Basically, the patient is not to use the hand all for any lifting or gripping during the 6 week period. 

Additional Important Treatment Information

A Different Treatment Protocol

A very complicated but elegant program of therapy has been developed for treating flexor tendon repairs. This newer flexor tendon protocol is designed to allow motion of the repaired flexor tendons in the sheath without putting excess tension on the repair and pulling apart the repair. Too much motion or stress will result in tearing apart the repair. No motion will result in scarring of the flexor tendons and no motion. There must be a delicate balance between these two. 

Compliance with the therapy program is absolutely critical to the success of the repair. During this program, the patient is allowed supervised active extension of the finger and flexion of the finger by a therapist. There is no active gripping during this time.
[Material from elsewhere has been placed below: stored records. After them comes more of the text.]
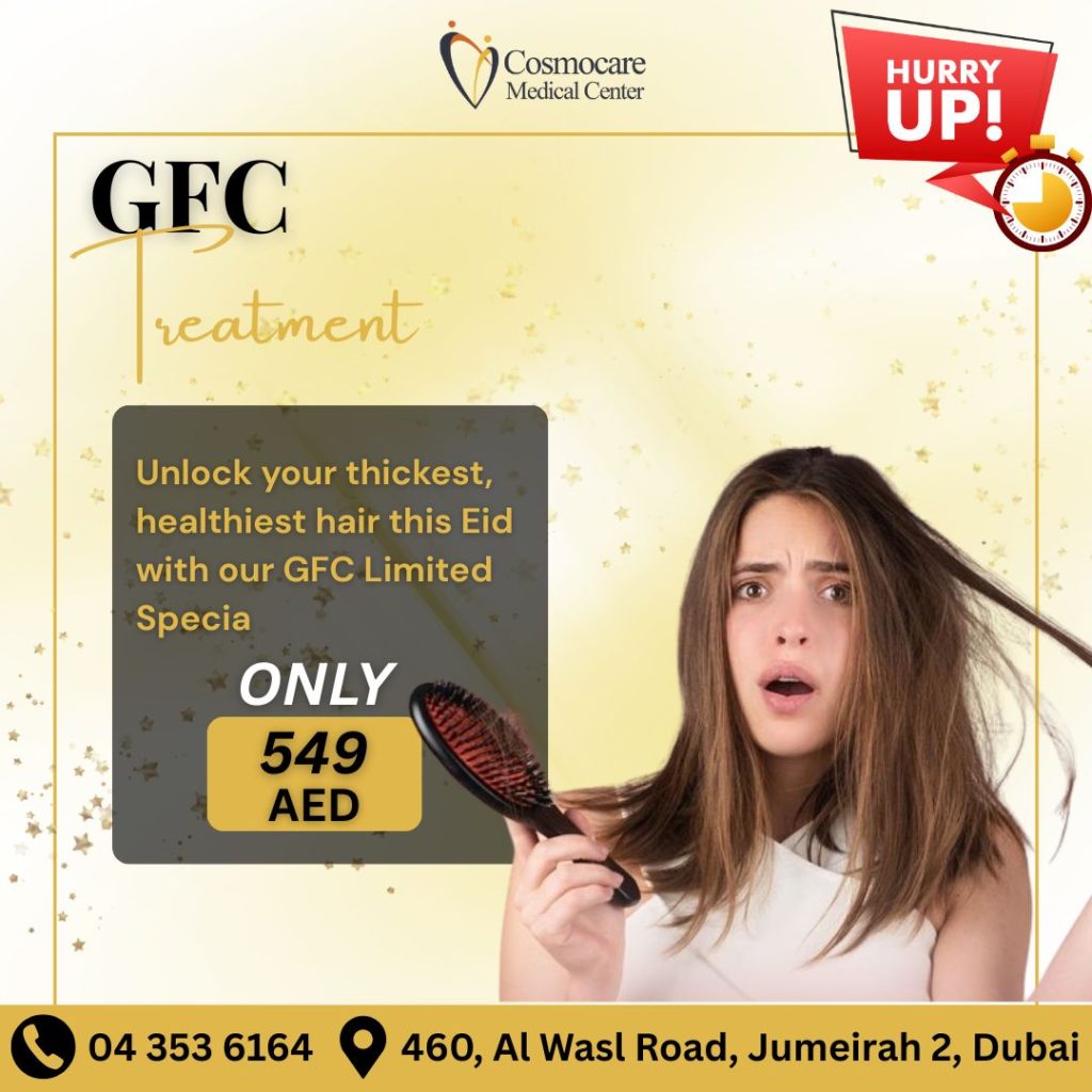 Unlock your thickest, healthiest hair this Eid at Cosmocare Medical Center! If you’re struggling with thinning or dull hair, our specialized GFC (Growth Factor Concentrate) Treatment is the advanced solution you’ve been waiting for.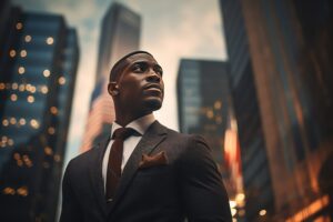 Close-up of an African-American businessman in a formal suit against the backdrop of skyscrapers in the business district of the city.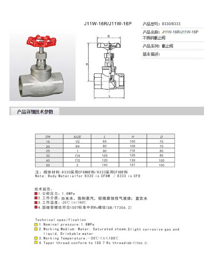 J11W-16R/J11W-16P 不銹鋼截止閥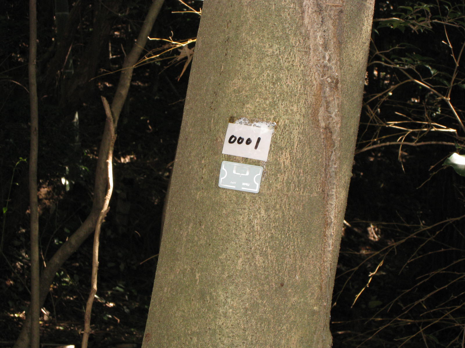 木に取り付けたCタグ。下側がICタグ。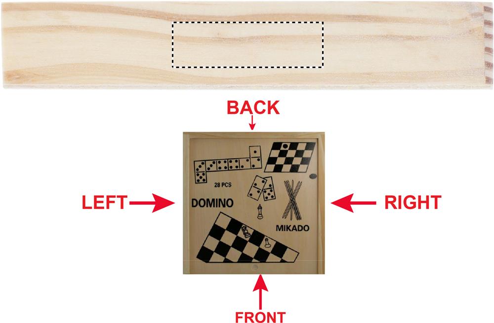 Деревянная коробка с домино, шахматами, шашками и деревянными палочками микадо.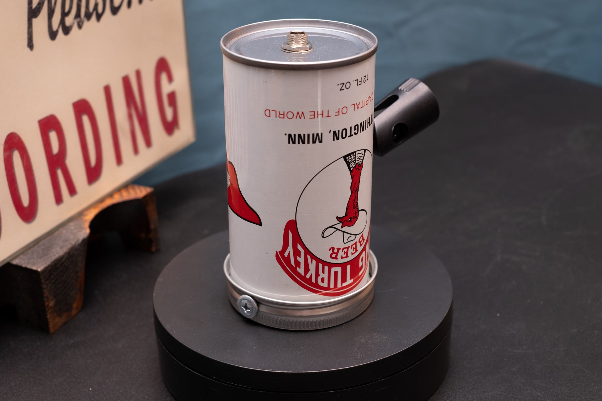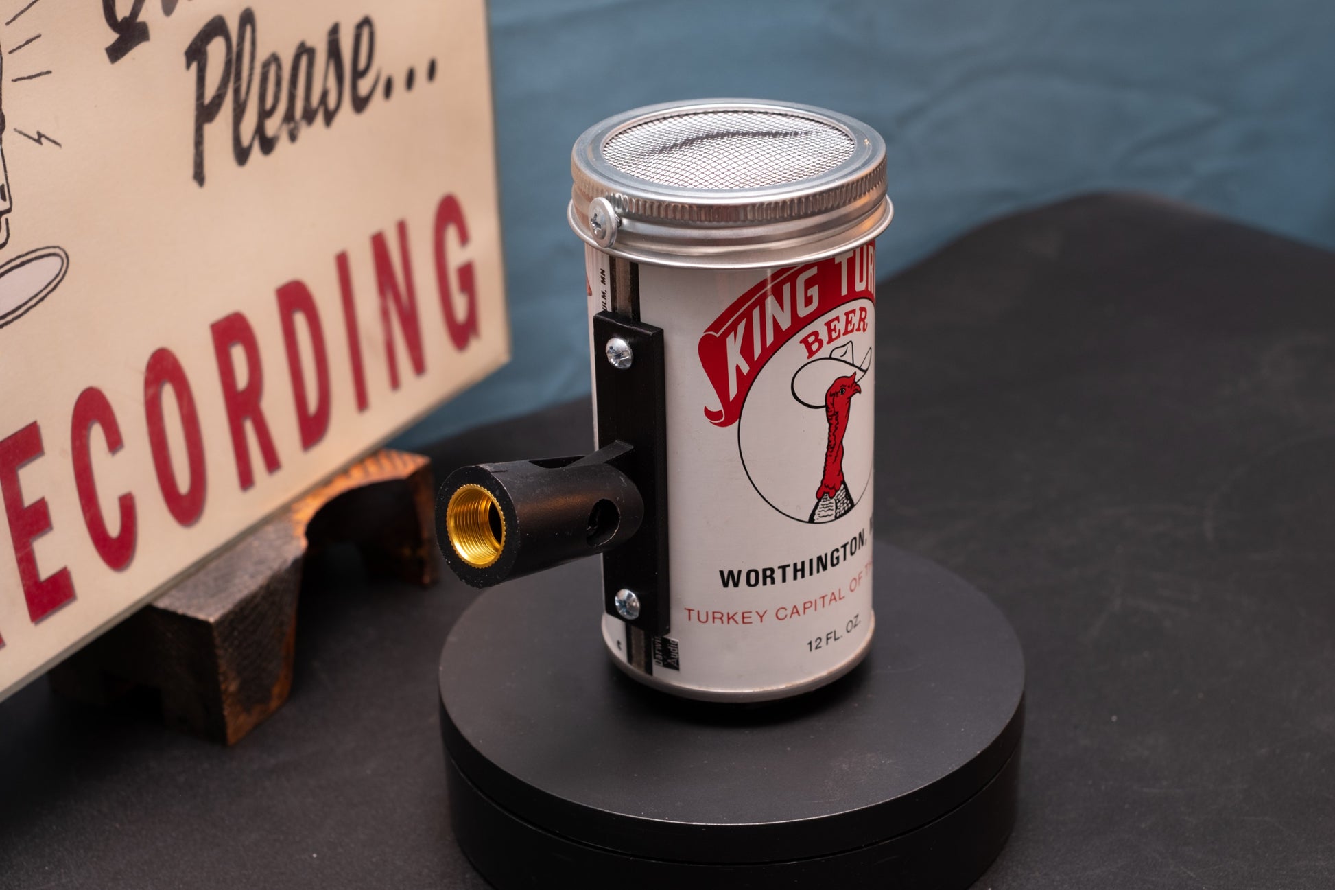Hand-assembled lo-fi microphone made from a solid steel beer can from the 1970s. Extremely limited supply since they no longer stamp these types of cans.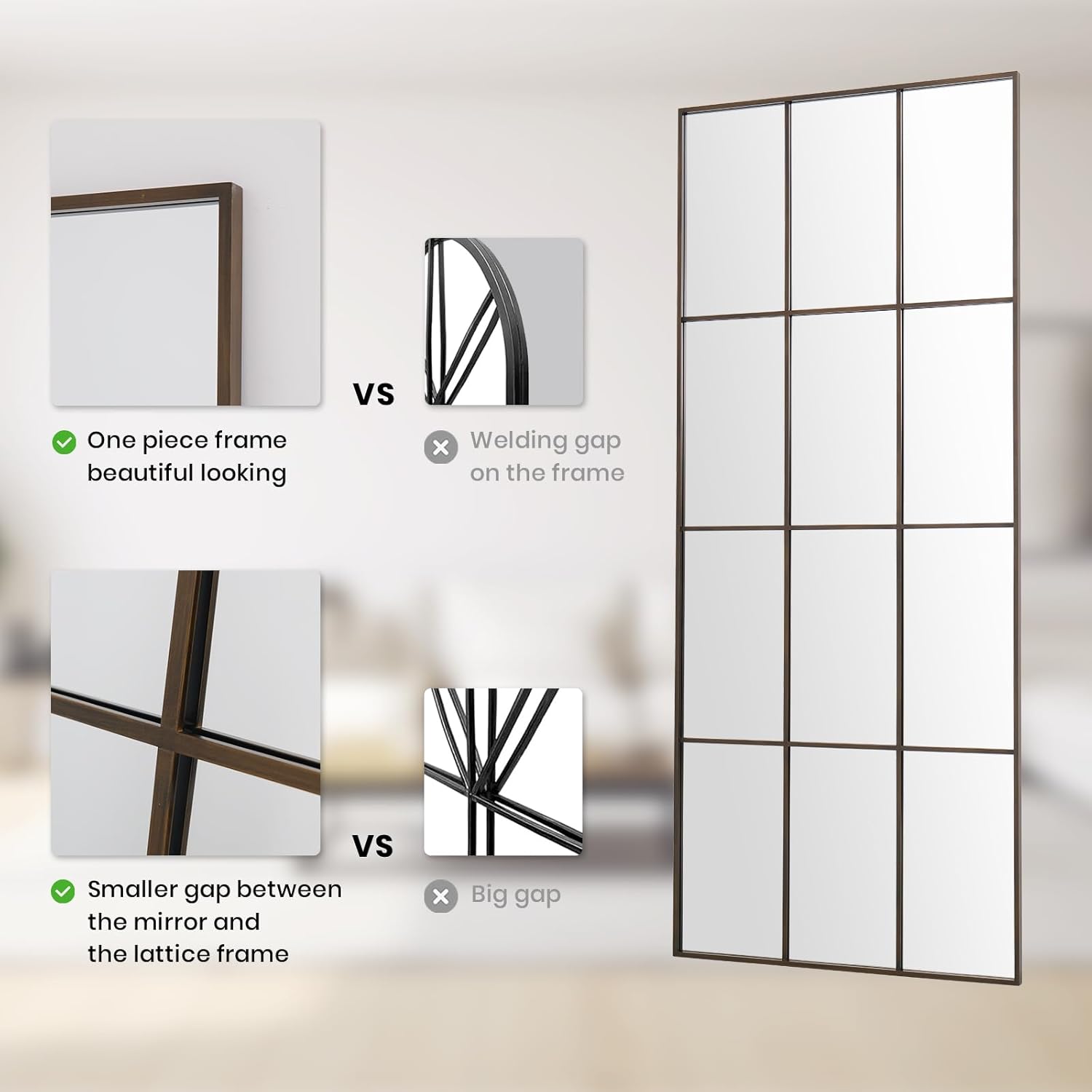 - Gifts For Everyone: This windowpane full length mirror is suitable for everyone you care about. A best gift idea for your mom, wife, partner, deaughter, sister and friend. Package including a full body mirror, installation accessiories and instruction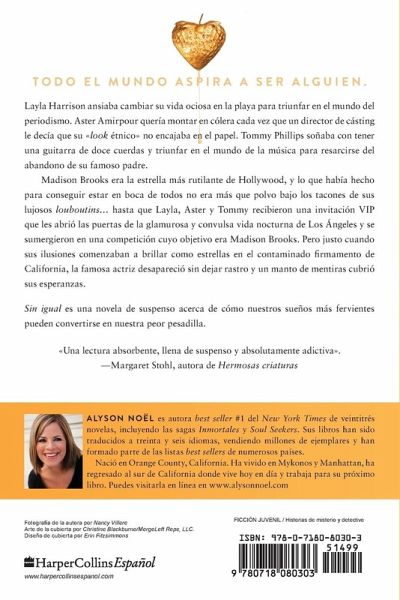 Este libro de la autora best seller n¿¿mero uno del New York Times en una emocionante historia de suspenso sobre c¿¿mo nuestros sue¿¿os m¿¿s desesperados pueden convertirse en nuestras m¿¿s oscuras pesadillas. Todo el mundo quiere ser alguien. Layla Harrison quiere intercambiar sus tiempos de playa por un escritorio de reportera. Aster Amirpour quiere gritarle al siguiente director de reparto cuando le dice: ¿¿necesitamos ¿¿tnico, pero no tu tipo de ¿¿tnico¿¿. Tommy Phillips sue¿¿a con comprarse una guitarra de doce cuerdas y usarla para trazar virtuosamente el camino hacia la vida de su famoso padre ausente. Pero Madison Brooks tom¿¿ las riendas del destino y lo hizo su sirviente hace mucho tiempo. Ella es la estrella m¿¿s popular de Hollywood, y las cosas que hizo para que su nombre estuviera en boca de todo el mundo son meramente una mancha en el pavimento, polvo debajo de sus tacones marca Louboutin. Eso hasta que Layla, Aster y Tommy se encuentran con una invitaci¿¿n VIP al mundo glamuroso y ¿¿spero de la vida nocturna de Los ¿¿ngeles, y aträ¿dos a una competencia altamente riesgosa donde Madison Brooks es el objetivo. Justamente cuando sus esperanzas comienzan a resplandecer como estrellas entre el smog de California, Madison Brooks desaparece... Y todas sus esperanzas se desvanecen en la neblina y confusi¿¿n de sus mentiras. Busca tambi¿¿n La lista negra que le da continuidad a esta serie estremecedora.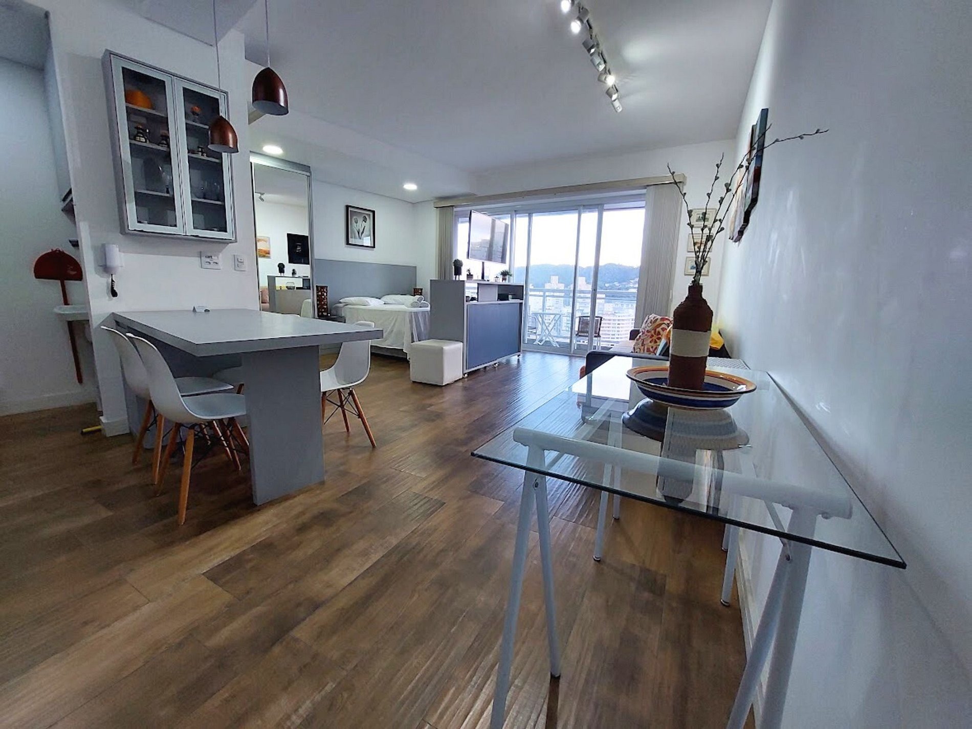O apartamento 1910, com 50m² localizado no 19º andar, acomoda até 4 pessoas e está no melhor condomínio de Santos, o Unlimited Ocean Front! Oferece uma bela vista lateral para o mar. Aceita cães de pequeno e médio porte (até 15kg) mediante taxa adicional de R$ 120,00. Gatos não são aceitos.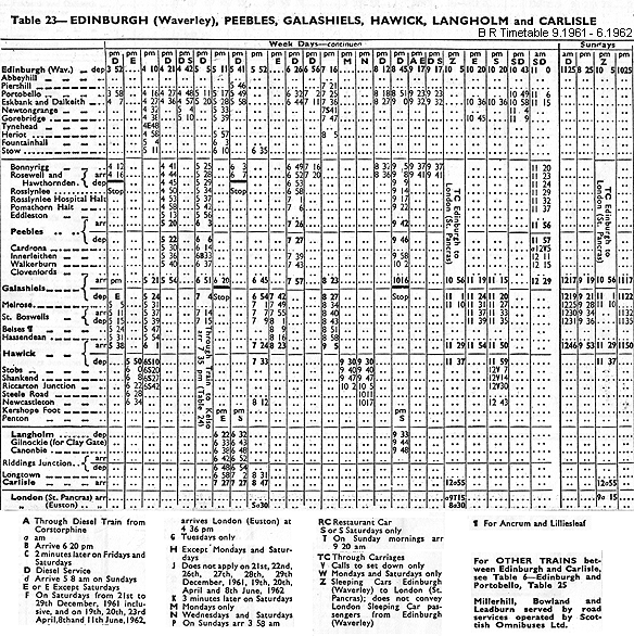 After the end of steam, a variety of diesels worked passenger trains, especially Class 24 and 26 Sulzer-engined diesels, and even Class 17 (Claytons) on local stoppers. Long distance loco-hauled trains were often covered by Class 45 (Peaks). DMUs worked the local services between Galashiels and Edinburgh.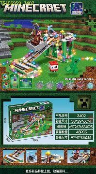 产品名称: 新款我的世界矿车寻宝大战319PCS配磁力方块积木人仔磁力腿闪光灯条三挡变换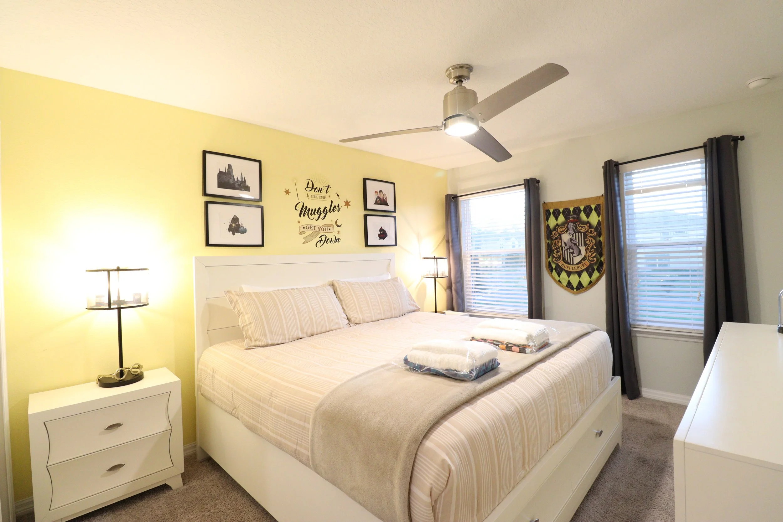 This Harry Potter themed King Suite has a full ensuite bathroom, a large walk in shower, single sink vanity with plenty of counter space. This bedroom also features tons of storage, a flat screen television and a large ceiling fan.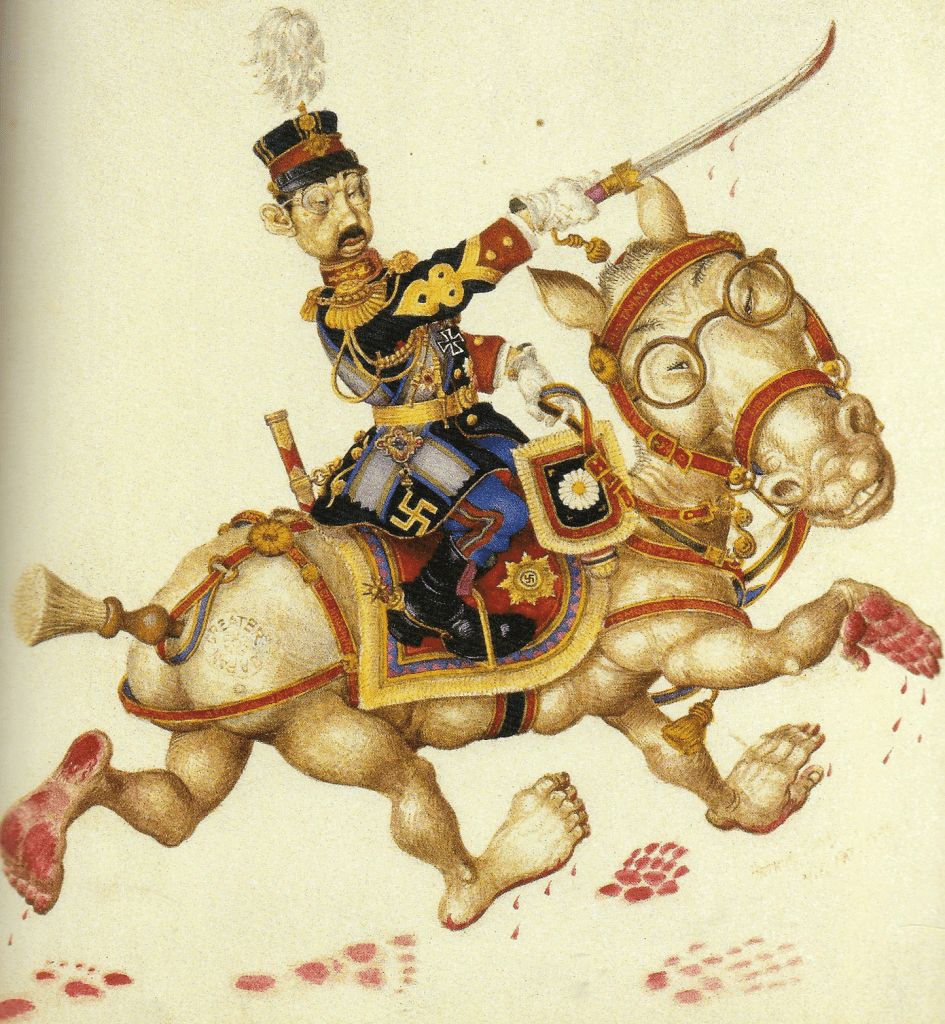 «Сын неба» (1945): все тот же Хирохито собственной персоной верхом на абсолютно фантастическом звере, так сказать, «обратном кентавре». Самурайский меч в его руках тоже «не той системы»: Шик, по-видимому, еще не имел возможности увидеть катану своими глазами — в отличие от шашки и кавказского кинжала, которые он изображает полностью грамотно.

After 6 weeks, the tendon repair is sufficiently healed to remove the splint and start active range of motion and gripping exercises.

Additional Care May Be Needed

In approximately 20% of our flexor tendon repair cases, an additional surgery may be required to free up the flexor tendon from scar tissue (tenolysis), release joint contracture (shortening) to relieve a stiff joint, or repair an initial flexor tendon repair that has failed.

In cases of chronic rupture of the flexor tendon (after failed primary flexor tendon repairs), a two-stage flexor tendon reconstruction is required. In that case, the scarred, damaged tendon is removed and replaced with an artificial Kevlar and Silastic tendon, which is attached to the bone and muscle. Approximately 3 to 6 months later, the artificial tendon is removed and replaced with a tendon graft from the leg. The hand must be protected for 6 weeks after each surgery.

Practice Note: Dr. Bowman and Dr. Hunter (the inventor of this active tendon in Philadelphia) was responsible for some of the clinical research regarding its use and were the first surgeon in western Pennsylvania to use the active artificial tendon.